The petitioner pleaded no contest and was convicted of two counts of homicide by intoxicated use of a motor vehicle, three counts of first-degree reckless endangerment and one count of operating a motor vehicle while intoxicated, third offense. The petitionerfiled a post-conviction motion, asserting that her trial counsel was ineffective and that Wis. Stat. § 940.09 is unconstitutional. She also moved to withdraw her no contest plea, maintaining that it was not entered knowingly and voluntarily due to the ineffective assistance of her counsel. The trial court dismissed the petitioner's unconstitutionality claim and denied her ineffective assistance of counsel claim and her motion to withdraw her plea without a hearing. The petitioner appealed the judgment of conviction and the denial of her post-conviction motion.

The Wisconsin Court of Appeals affirmed the judgment and upheld the denial of the post-conviction motion, agreeing with the trial court that the motion failed to allege sufficient facts which, if true, would entitle the petitioner to relief. The petitioner filed a petition for review in the Wisconsin Supreme Court challenging the constitutionality of Wis. Stats. § 940.09. (Answer, Exh. E). The petitioner did not raise her ineffective assistance of counsel claim in her petition to the Wisconsin Supreme Court. Id. at 2-3. The petition was denied on January 11, 2011. (Answer, Exh. F).
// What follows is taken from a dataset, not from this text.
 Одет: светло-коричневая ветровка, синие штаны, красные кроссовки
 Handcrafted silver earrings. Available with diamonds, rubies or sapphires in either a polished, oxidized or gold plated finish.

The petitioner asserts the following grounds in her petition for a writ of habeas corpus: 1) Wis. Stat. § 940.09 is unconstitutional and 2) her trial counsel provided ineffective assistance because he failed to advise her that a medical condition she had might constitute an affirmative defense to the homicide charges and because he failed to conduct an accident reconstruction.

The petitioner argues that Wis. Stat. § 940.09(1)(a) is unconstitutional because it does not require a causal connection between the intoxicated condition of the operator and the death of another person. She also maintains that the affirmative defense provision of the statute violates her right to be presumed innocent and her FifthAmendment right against self-incrimination. Therefore, she argues that the affirmative defense does not cure the constitutional defect in the statute.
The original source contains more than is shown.